EXERCISE OBJECTIVE => Transcribe the records verbatim, images excluded.

INFORMATION GIVEN =>
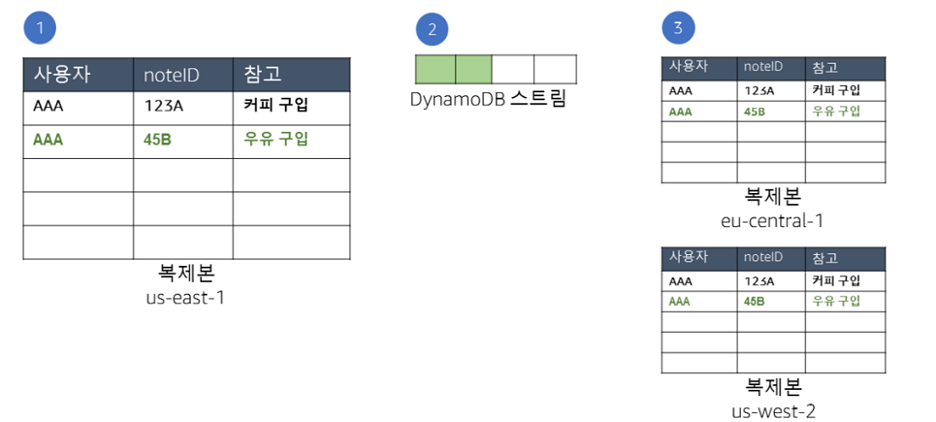 ㅁ 복제 테이블 항목의 모든 변경 사항은 동일한 글로벌 테이블 내 다른 모든 복제 테이블에 복제
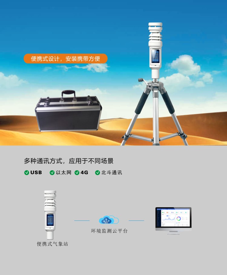 FY-CQ600便携式超声波气象仪是一款携带方便,操作简单,集多项气象要素于一体的可移动式气象观测仪器。系统采用精密传感器及智能芯片,用于测量风速,风向、温度,湿度,露点,大气压力,BF 薄福,风寒指数,海拔高度等数据,并可扩展GPS定位功能。内置大容量FLASH存储芯片可存储至少一年的气象数据;支持有线和无线通讯方式,将数据传输至单机软件或云平台,方便用户对气象数据的进一步处理分析。本仪器具有免调试、可折叠伸缩、自带可充式电源等特点,使其非常适用于各类应急临时气象短期观测、长期连续的小型气象监测和移动气象监测等各类气象数据的获取。
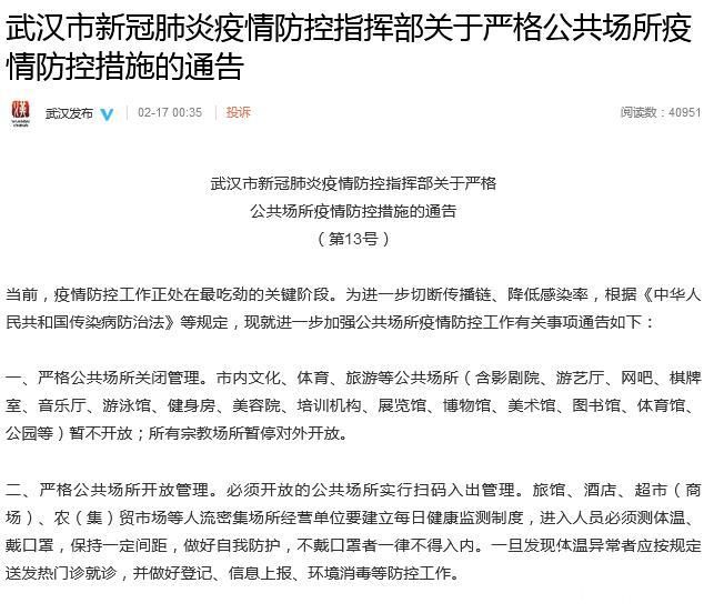 《通告》称,当前,疫情防控工作正处在最吃劲的关键阶段。为进一步切断传播链、降低感染率,根据《中华人民共和国传染病防治法》等规定,现就进一步加强公共场所疫情防控工作有关事项通告如下:
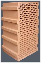 Разработаны керамические блоки экструзионного формования с низкой теплопроводностью. Технические характеристики: • морозостойкость — 75 циклов против 35 циклов; • теплопроводность составляет 0,22-0,26 в/м°к, Преимущества: • тепловая инертность, • прочность, • крупноформатность, пазо-гребневый стык, • естественное кондиционирование, • экологичность.
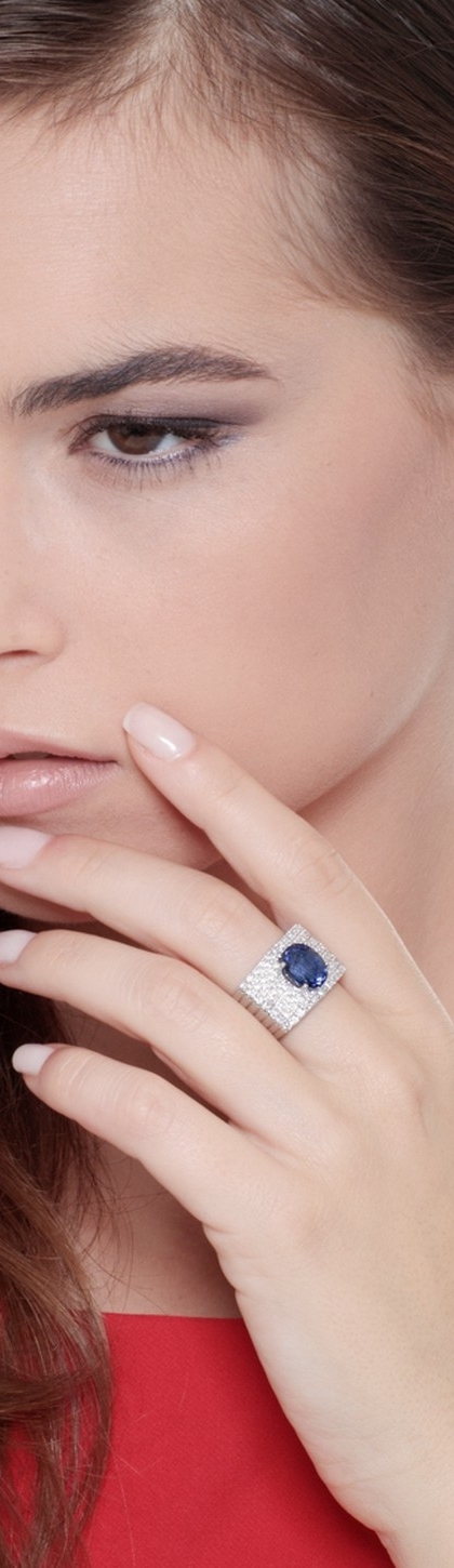 Ring mit blauem Saphir und Diamanten 18K Weißgold
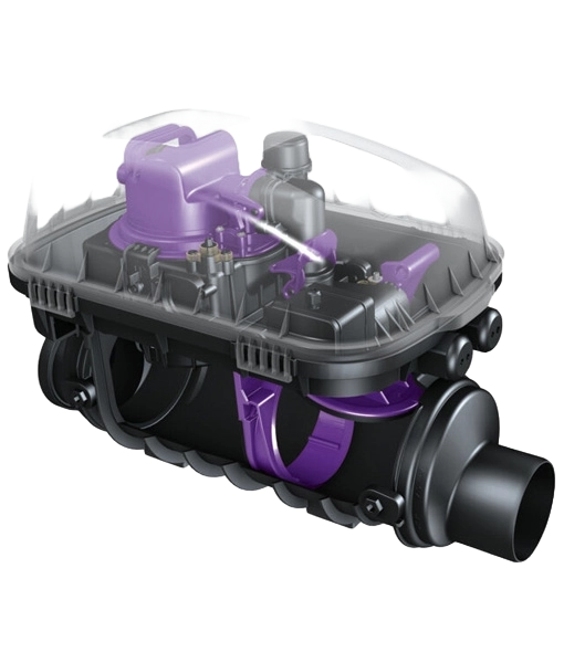 In the event of backwater, the pump macerates any solids and discharges the waste water against the backwater pressure into the main drain.
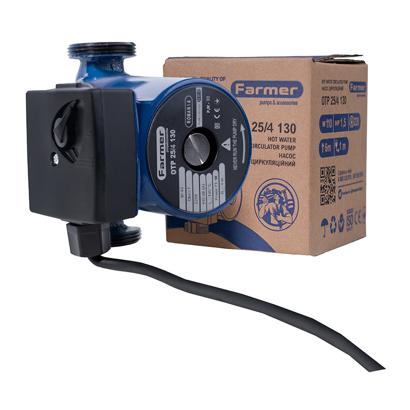 Насос циркуляционный Farmer 25/4-130, 71 Вт, H 4м Q 25л/мин
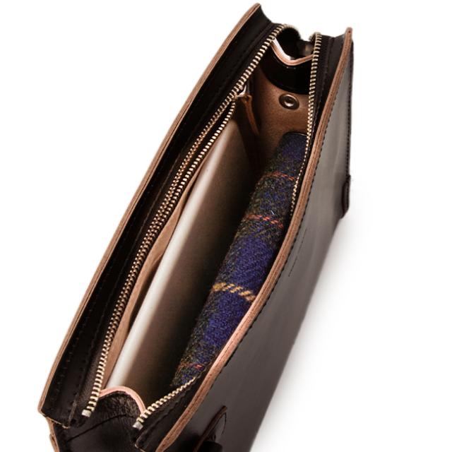 本体幅がしっかりと設けられているため長財布やタブレットなどもスマートに収納可能です。タブレットサイズ:W134.7 H200 D7.2[mm]
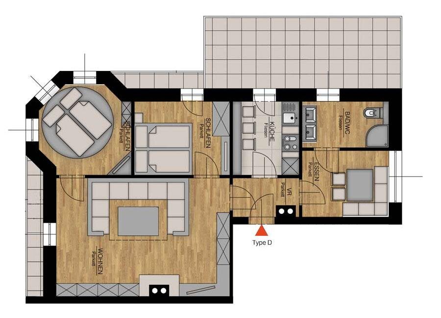 Our fully furnished apartments contain free W-lan, Flat-TV, SAT-TV, a free parking place, free heated ski-room and a welness area
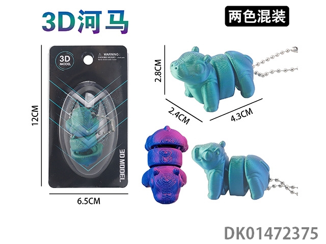 3D hippopotamus keychain (2-color mixed)
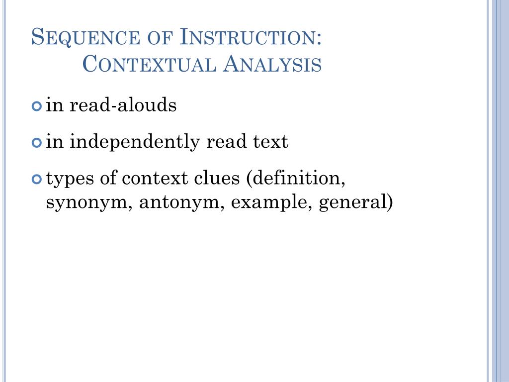 Sequence of Instruction: Contextual Analysis • in read-alouds • in independently read text • types of context clues (definition, synonym, antonym, example, general)
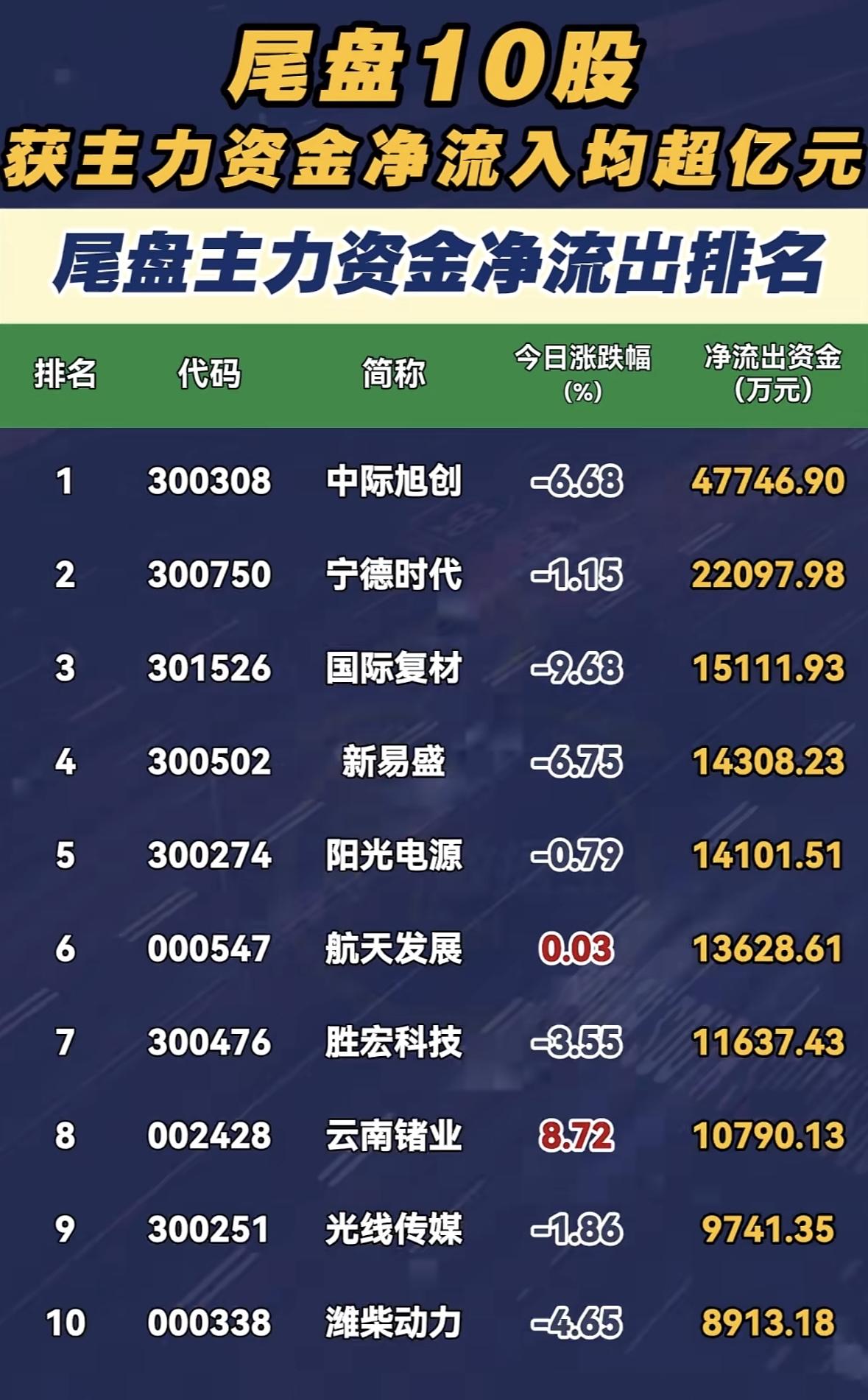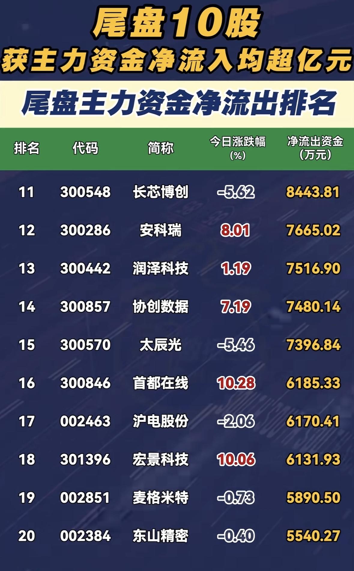 2月27日尾盘,主力资金大幅流出部分个股。像中际旭创净流出39.1亿,新易盛流出37.1亿,工业富联流出21.5亿等。当日A股三大指数涨跌不一,上证指数涨0.39%,深成指跌0.06%,创业板指跌1.04%,市场成交额25055亿元,较上日缩量512亿,超3200只个股上涨。 从行业看,电子、通信行业主力资金净流出均超110亿,计算机、有色金属行业净流入金额均超50亿。华为概念股获主力资金追捧,拓维信息、昆仑万维主力资金净流入均超13亿。想抓住大牛股,得密切关注资金流向和行业动态啊!
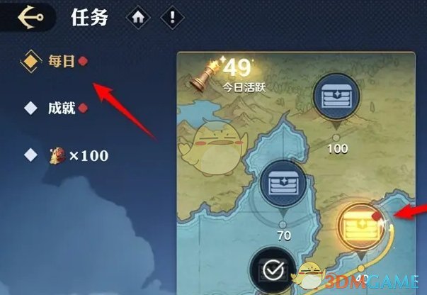 2、来到任务页面后,点击左侧的每日,然后进入每日活跃进度页面;
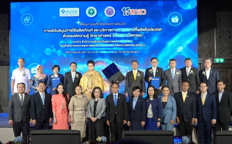 วันที่ 16 สิงหาคม 2567 – กระทรวงสาธารณสุข (สธ.) โดยสำนักงานหลักประกันสุขภาพแห่งชาติ (สปสช.) และกระทรวงการอุดมศึกษา วิทยาศาสตร์ วิจัยและนวัตกรรม (อว.) โดยสำนักงานคณะกรรมการส่งเสริม วิทยาศาสตร์ วิจัยและนวัตกรรม (สกสว.) ร่วมสนับสนุนและขับเคลื่อนการใช้ผลิตภัณฑ์และบริการทางการแพทย์ที่ได้มาตรฐานและผลิตในประเทศ และสร้างความเชื่อมั่นในการใช้ผลิตภัณฑ์และบริการทางการแพทย์ที่ได้จากผลงานวิจัยและนวัตกรรมของประเทศ รวมไปถึงการส่งเสริมการวิจัยและพัฒนาผลิตภัณฑ์และบริการทางการแพทย์ให้มีมาตรฐานและสามารถผลิตได้ในประเทศ ที่สอดคล้องกับความต้องการของผู้มีสิทธิในหลักประกันสุขภาพแห่งชาติ และสื่อสารเชิงนโยบายกับหน่วยงานที่เกี่ยวข้อง รวมทั้งสื่อสารประชาสัมพันธ์สู่สาธารณะ หน่วยงานในระบบวิทยาศาสตร์ วิจัยและนวัตกรรม นักวิจัย และผู้ที่เกี่ยวข้อง โดยมีนายสมศักดิ์ เทพสุทิน รัฐมนตรีว่าการกระทรวงสาธารณสุข นางสาวศุภมาส อิศรภักดี รัฐมนตรีว่าการกระทรวงการอุดมศึกษา วิทยาศาสตร์ วิจัยและนวัตกรรม ร่วมเป็นประธานในพิธี พร้อมด้วย รศ. ดร.ปัทมาวดี โพชนุกูล ผู้อำนวยการสำนักงานคณะกรรมการส่งเสริมวิทยาศาสตร์ วิจัยและนวัตกรรม และนายจเด็จ ธรรมธัชอารี เลขาธิการสำนักงานหลักประกันสุขภาพแห่งชาติ เป็นผู้ลงนามบันทึกข้อตกลงความร่วมมือ “การสนับสนุนการใช้ผลิตภัณฑ์และบริการทางการแพทย์ที่ผลิตในประเทศ”
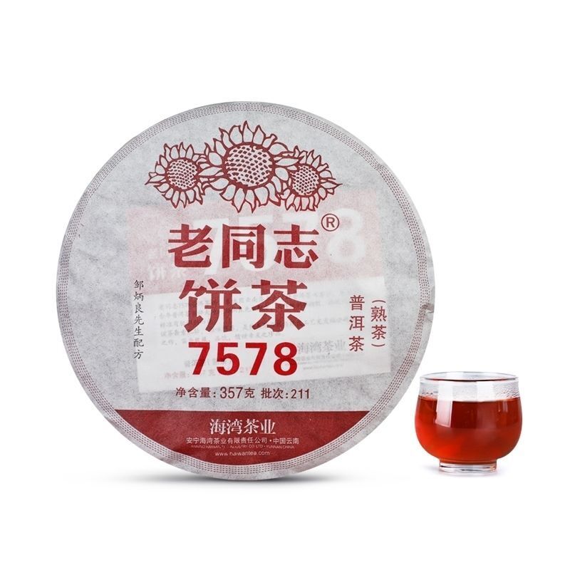 Old Comrade 7578 Ripe Tea Pu'er Tea Classic Cake Tea Yunnan Qizi Cake Tea 357G

TASK OUTPUT =>
 ㅁ 복제 테이블 항목의 모든 변경 사항은 동일한 글로벌 테이블 내 다른 모든 복제 테이블에 복제
 FY-CQ600便携式超声波气象仪是一款携带方便,操作简单,集多项气象要素于一体的可移动式气象观测仪器。系统采用精密传感器及智能芯片,用于测量风速,风向、温度,湿度,露点,大气压力,BF 薄福,风寒指数,海拔高度等数据,并可扩展GPS定位功能。内置大容量FLASH存储芯片可存储至少一年的气象数据;支持有线和无线通讯方式,将数据传输至单机软件或云平台,方便用户对气象数据的进一步处理分析。本仪器具有免调试、可折叠伸缩、自带可充式电源等特点,使其非常适用于各类应急临时气象短期观测、长期连续的小型气象监测和移动气象监测等各类气象数据的获取。
 《通告》称,当前,疫情防控工作正处在最吃劲的关键阶段。为进一步切断传播链、降低感染率,根据《中华人民共和国传染病防治法》等规定,现就进一步加强公共场所疫情防控工作有关事项通告如下:
 Разработаны керамические блоки экструзионного формования с низкой теплопроводностью. Технические характеристики: • морозостойкость — 75 циклов против 35 циклов; • теплопроводность составляет 0,22-0,26 в/м°к, Преимущества: • тепловая инертность, • прочность, • крупноформатность, пазо-гребневый стык, • естественное кондиционирование, • экологичность.
 Ring mit blauem Saphir und Diamanten 18K Weißgold
 In the event of backwater, the pump macerates any solids and discharges the waste water against the backwater pressure into the main drain.
 Насос циркуляционный Farmer 25/4-130, 71 Вт, H 4м Q 25л/мин
 本体幅がしっかりと設けられているため長財布やタブレットなどもスマートに収納可能です。タブレットサイズ:W134.7 H200 D7.2[mm]
 Our fully furnished apartments contain free W-lan, Flat-TV, SAT-TV, a free parking place, free heated ski-room and a welness area
 3D hippopotamus keychain (2-color mixed)
 Sequence of Instruction: Contextual Analysis • in read-alouds • in independently read text • types of context clues (definition, synonym, antonym, example, general)
 2月27日尾盘,主力资金大幅流出部分个股。像中际旭创净流出39.1亿,新易盛流出37.1亿,工业富联流出21.5亿等。当日A股三大指数涨跌不一,上证指数涨0.39%,深成指跌0.06%,创业板指跌1.04%,市场成交额25055亿元,较上日缩量512亿,超3200只个股上涨。 从行业看,电子、通信行业主力资金净流出均超110亿,计算机、有色金属行业净流入金额均超50亿。华为概念股获主力资金追捧,拓维信息、昆仑万维主力资金净流入均超13亿。想抓住大牛股,得密切关注资金流向和行业动态啊!
 2、来到任务页面后,点击左侧的每日,然后进入每日活跃进度页面;
 วันที่ 16 สิงหาคม 2567 – กระทรวงสาธารณสุข (สธ.) โดยสำนักงานหลักประกันสุขภาพแห่งชาติ (สปสช.) และกระทรวงการอุดมศึกษา วิทยาศาสตร์ วิจัยและนวัตกรรม (อว.) โดยสำนักงานคณะกรรมการส่งเสริม วิทยาศาสตร์ วิจัยและนวัตกรรม (สกสว.) ร่วมสนับสนุนและขับเคลื่อนการใช้ผลิตภัณฑ์และบริการทางการแพทย์ที่ได้มาตรฐานและผลิตในประเทศ และสร้างความเชื่อมั่นในการใช้ผลิตภัณฑ์และบริการทางการแพทย์ที่ได้จากผลงานวิจัยและนวัตกรรมของประเทศ รวมไปถึงการส่งเสริมการวิจัยและพัฒนาผลิตภัณฑ์และบริการทางการแพทย์ให้มีมาตรฐานและสามารถผลิตได้ในประเทศ ที่สอดคล้องกับความต้องการของผู้มีสิทธิในหลักประกันสุขภาพแห่งชาติ และสื่อสารเชิงนโยบายกับหน่วยงานที่เกี่ยวข้อง รวมทั้งสื่อสารประชาสัมพันธ์สู่สาธารณะ หน่วยงานในระบบวิทยาศาสตร์ วิจัยและนวัตกรรม นักวิจัย และผู้ที่เกี่ยวข้อง โดยมีนายสมศักดิ์ เทพสุทิน รัฐมนตรีว่าการกระทรวงสาธารณสุข นางสาวศุภมาส อิศรภักดี รัฐมนตรีว่าการกระทรวงการอุดมศึกษา วิทยาศาสตร์ วิจัยและนวัตกรรม ร่วมเป็นประธานในพิธี พร้อมด้วย รศ. ดร.ปัทมาวดี โพชนุกูล ผู้อำนวยการสำนักงานคณะกรรมการส่งเสริมวิทยาศาสตร์ วิจัยและนวัตกรรม และนายจเด็จ ธรรมธัชอารี เลขาธิการสำนักงานหลักประกันสุขภาพแห่งชาติ เป็นผู้ลงนามบันทึกข้อตกลงความร่วมมือ “การสนับสนุนการใช้ผลิตภัณฑ์และบริการทางการแพทย์ที่ผลิตในประเทศ”
 Old Comrade 7578 Ripe Tea Pu'er Tea Classic Cake Tea Yunnan Qizi Cake Tea 357G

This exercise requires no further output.